— Большие новости! — воскликнула она. — Двух-трех наших актеров обвинили в том, что они устроили пирушку в день именин великого Наполеона; бедную нашу труппу объявили якобинской и приказали ей немедленно убираться из пармских владений, — вот тебе и «Да здравствует Наполеон!» Однако, говорят, министр порадел за нас. Во всяком случае у нашего Джилетти появились деньги, — сколько, не знаю, — но я видела у него целую горсть монет. Мариетта получила от директора пять экю на дорожные расходы до Мантуи и Венеции, а я — одно экю. Она по-прежнему влюблена в тебя, но боится Джилетти. Третьего дня, на последнем представлении нашей труппы, он все кричал, что непременно убьет ее, дал ей две здоровенные пощечины, а хуже всего, что разорвал ее голубую шаль. Надо бы тебе, голубчик, подарить ей такую же голубую шаль, а мы бы сказали, что выиграли ее в лотерею. Завтра тамбур-мажор карабинеров устраивает фехтовальный турнир. На всех улицах уже расклеены афиши; прочитай, в котором часу начало, и приходи к нам. Джилетти пойдет смотреть турнир, и если мы узнаем, что он нескоро вернется домой, я буду стоять у окна и подам тебе знак. Принеси нам хороший подарочек. А уж как Мариетта тебя любит!..
Спускаясь по винтовой лестнице из этой отвратительной трущобы, Фабрицио сокрушался сердцем: «Я нисколько не переменился! Какие благие намерения были у меня, когда я размышлял на берегу родного озера и смотрел на жизнь философским взглядом. И вот все они улетучились!.. Душа моя отрешилась тогда от обыденности. Но все это были мечты, они рассеялись, лишь только я столкнулся с грубой действительностью».
«Настала минута действовать», — думал Фабрицио, возвратившись во дворец Сансеверина в одиннадцатом часу вечера. Но напрасно искал он в своем сердце высокого мужества объясниться откровенно, прямо, хотя это представлялось ему таким легким в ночных его раздумьях на берегу Комо. «Я только разгневаю женщину, которая для меня дороже всех на свете, и буду похож на бездарного актера. Право, я на что-нибудь гожусь только в минуты душевного подъема».
— Граф удивительно хорош со мной, — сказал он герцогине, отдав ей отчет о своем посещении архиепископа, — и я тем более ценю его заботы, что, как мне кажется, он недолюбливает меня; я должен хоть чем-нибудь отплатить ему. Он по-прежнему без ума от своих раскопок в Сангинье, — позавчера он проскакал верхом двенадцать лье, чтобы провести там два часа. Рабочие, возможно, найдут обломки статуй из того античного храма, фундамент которого он обнаружил, и он боится, как бы их не украли. Я с удовольствием пробуду ради него в Сангинье полтора дня. Завтра в пятом часу мне снова надо навестить архиепископа, а вечером я отправлюсь на раскопки, — воспользуюсь для этой поездки ночной прохладой.

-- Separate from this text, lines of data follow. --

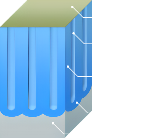 その点、クニマイト皮膜は高熱に加熱してもクラックが入らないので、電気絶縁性が保持されます。従来は、エッチングチャンバーが高熱化することにより、電気絶縁性が低下して不安定なプラズマ状態となり、エッチングに支障をきたしていました。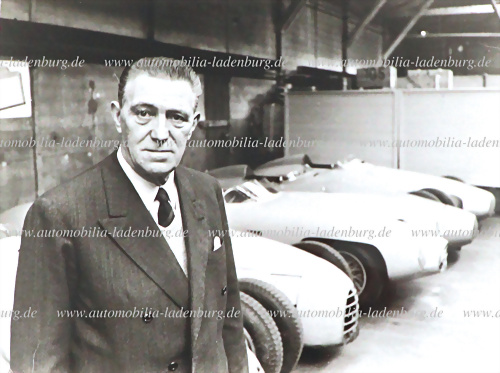 Original s/w Aufnahme Aldo Gordini im Hintergrund die Gordini Rennwagen, 18x24cm, gestempelt "Photo Tessyre / International Magazine Service Stockholm", schöne Aufnahme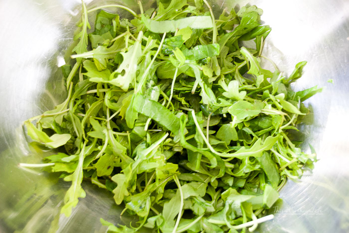 - Toss the salad greens with 1/3 cup of the Honey Avocado + Thyme salad dressing until the arugula is evenly coated.

Герцогиня сначала ничего не ответила.
— Право, можно подумать, что ты ищешь предлога быть вдали от меня, — сказала она, наконец, с нежным укором. — Только что вернулся из Бельджирате и опять находишь причину уехать.

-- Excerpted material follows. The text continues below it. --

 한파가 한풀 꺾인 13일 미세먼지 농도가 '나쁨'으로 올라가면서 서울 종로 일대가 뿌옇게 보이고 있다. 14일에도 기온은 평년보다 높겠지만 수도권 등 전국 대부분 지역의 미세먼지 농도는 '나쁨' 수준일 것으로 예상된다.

«Вот прекрасный повод для объяснения, — подумал Фабрицио. — Но тогда, на озере, я был не в своем уме: я не понял в восторженном стремлении к искренности, что дифирамб должен кончиться дерзостью. Ведь придется сказать: „Я люблю тебя любовью самой преданной и так далее и так далее, но на иную любовь душа моя не способна“. А ведь это все равно, что заявить: „Я вижу вашу любовь ко мне, но берегитесь: я не могу платить вам той же монетой“. Если герцогиня действительно любит меня, она может рассердиться, что я угадал это, а если она просто-напросто питает ко мне дружбу, ее возмутит моя дерзость… такого рода оскорблений не прощают».
Взвешивая эти важные соображения, Фабрицио бессознательно расхаживал по комнате с гордым и строгим видом человека, увидевшего несчастье в десяти шагах от себя.
Герцогиня смотрела на него с восхищением. Куда девался ребенок, который рос на ее глазах, послушный племянник, привыкший повиноваться ей, — он стал взрослым человеком, и таким человеком, которого сладостно было бы видеть у своих ног. Она поднялась с оттоманки и в страстном порыве бросилась в его объятия.